Grüns sold to Unilever for $1.2 billion last month. Founded in 2023. Hit $300 million in annualized revenue inside two years. Most founders are about to copy the wrong part. Here's what actually happened. Chad Janis built Grüns to profitability in roughly 14 months. He raised $55 million total. Valued at $500 million in May 2025. Then more than doubled that valuation in 11 months. Target and Walmart in 2025. Costco Wholesale in 2026. They were the #1 greens supplement on Amazon and in retail before Unilever made the offer. The marketing story is the easy part to copy.
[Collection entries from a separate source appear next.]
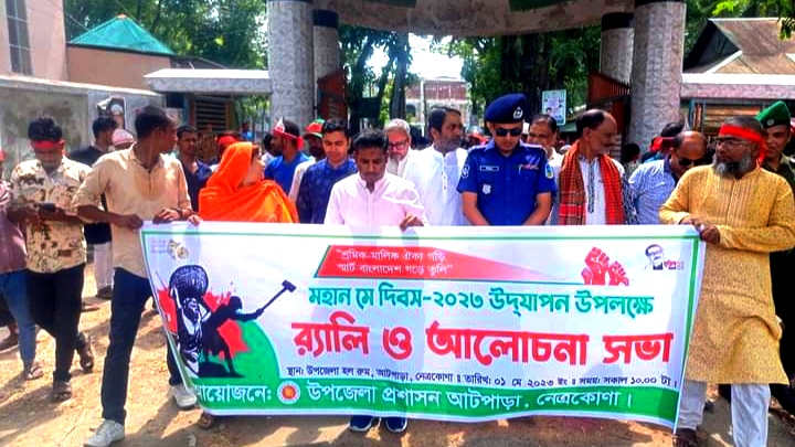 আটপাড়া (নেত্রকোনা) প্রতিনিধি :: শ্রমিক-মালিক ঐক্য করি, স্মার্ট বাংলাদেশ গড়ে তুলি’ প্রতিপাদ্যে নেত্রকোনার আটপাড়ায় মহান মে দিবস পালিত হয়েছে। দিবসটি উপলক্ষে সোমবার সকালে উপজেলা প্রশাসন ও জাতীয় শ্রমিক লীগ আটপাড়া উপজেলা শাখার যৌথ আয়োজনে উপজেলা চত্বর থেকে একটি বর্ণাঢ্য র্যালি বের হয়।
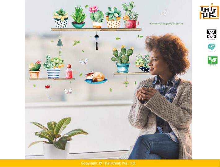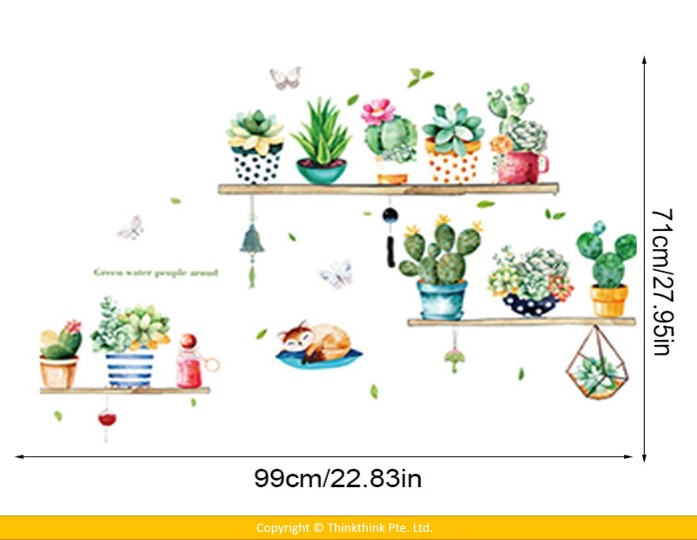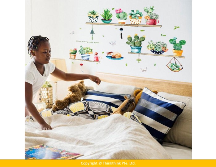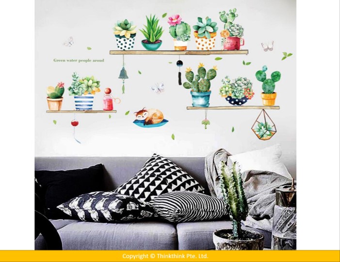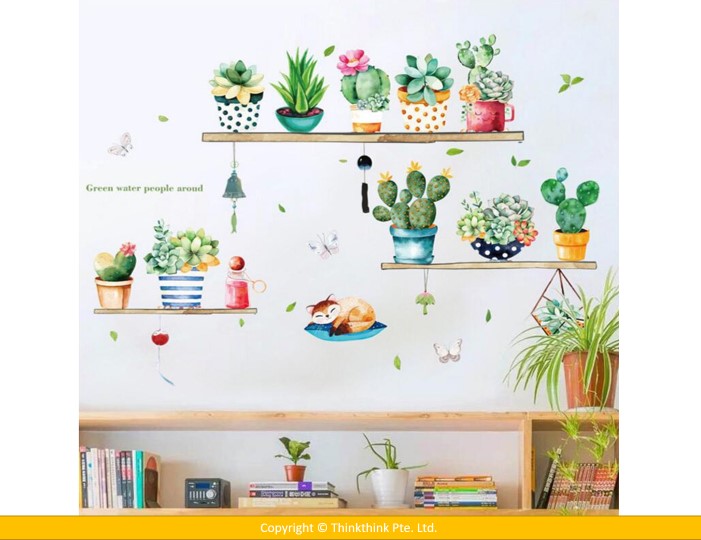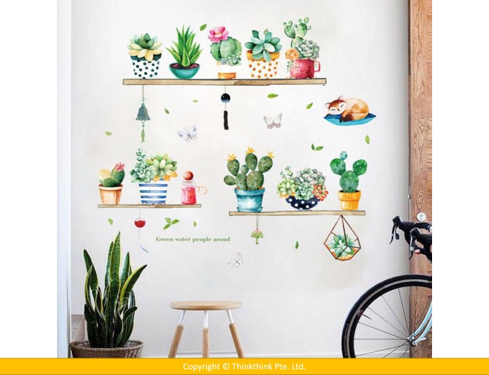 Wall Sticker Cactus Potted Living Room Bedroom Wardrobe Porch Tv Background Self-Adhesive Wall Stickers
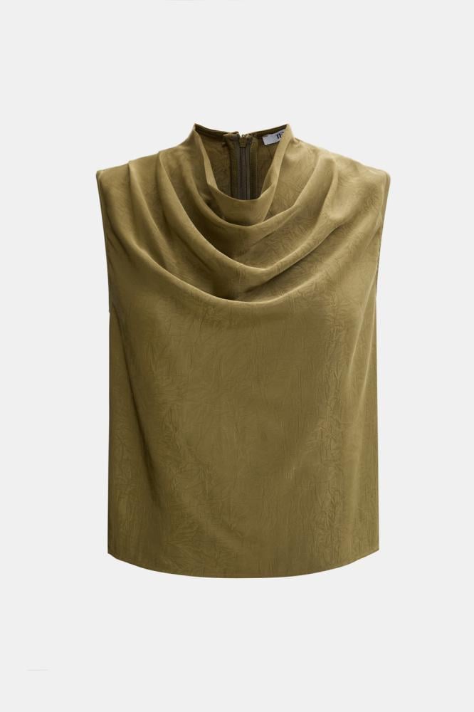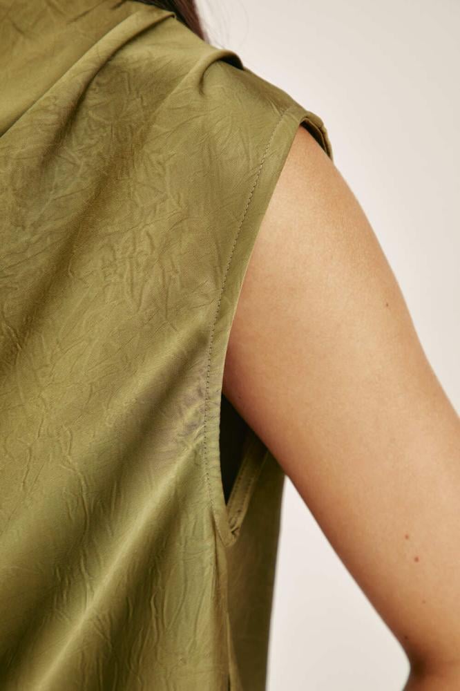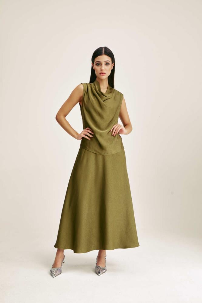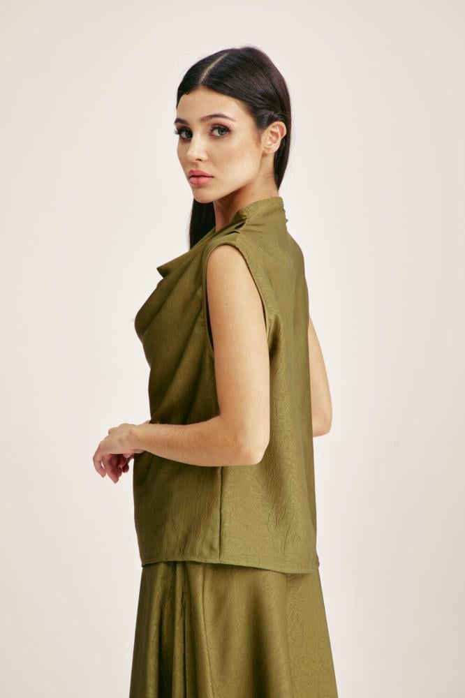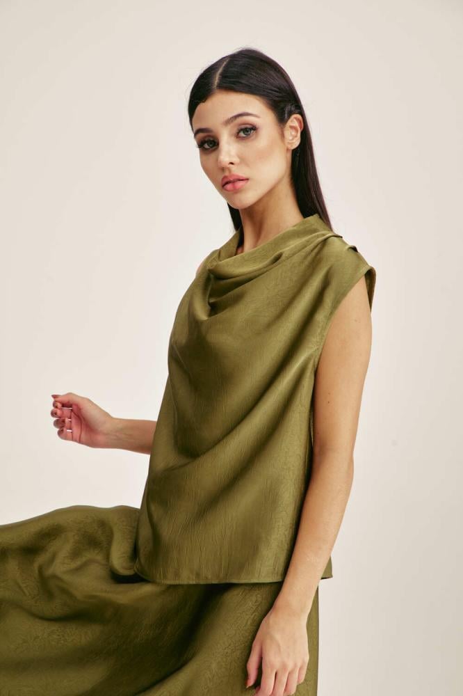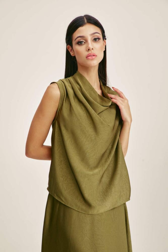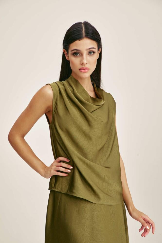 For a comfortable, feminine look, choose a blouse designed with a plunging collar and without sleeves. It comes with a loose, flowing cut. You can coordinate it with a similar skirt for an attractive look.

Daily greens gummy. Subscription mechanic. Celebrity layer. Strong creative. Founders are going to study the funnel and try to recreate it. Most will fail. Because the marketing isn't what made Grüns acquirable. What made Grüns acquirable was the sequence. Profitability first. Then retail. Then a bigger raise priced at a level that proved demand existed beyond DTC. Then strategic-ready financials. Then a sale to a strategic buyer (Unilever Wellbeing) actively reshaping its portfolio toward wellness, where the brand fit became obvious. That sequence is the lesson. Most founders trying to copy Grüns will skip the profitability step. They'll raise too much too early at too high a valuation, then try to grow into it without unit economics that work. By the time they hit retail, they're lit on fire with cash burn. No strategic pays a premium for that. The growth story you tell investors is not the same story a strategic buyer wants to hear. Plan for the second one before you raise the first.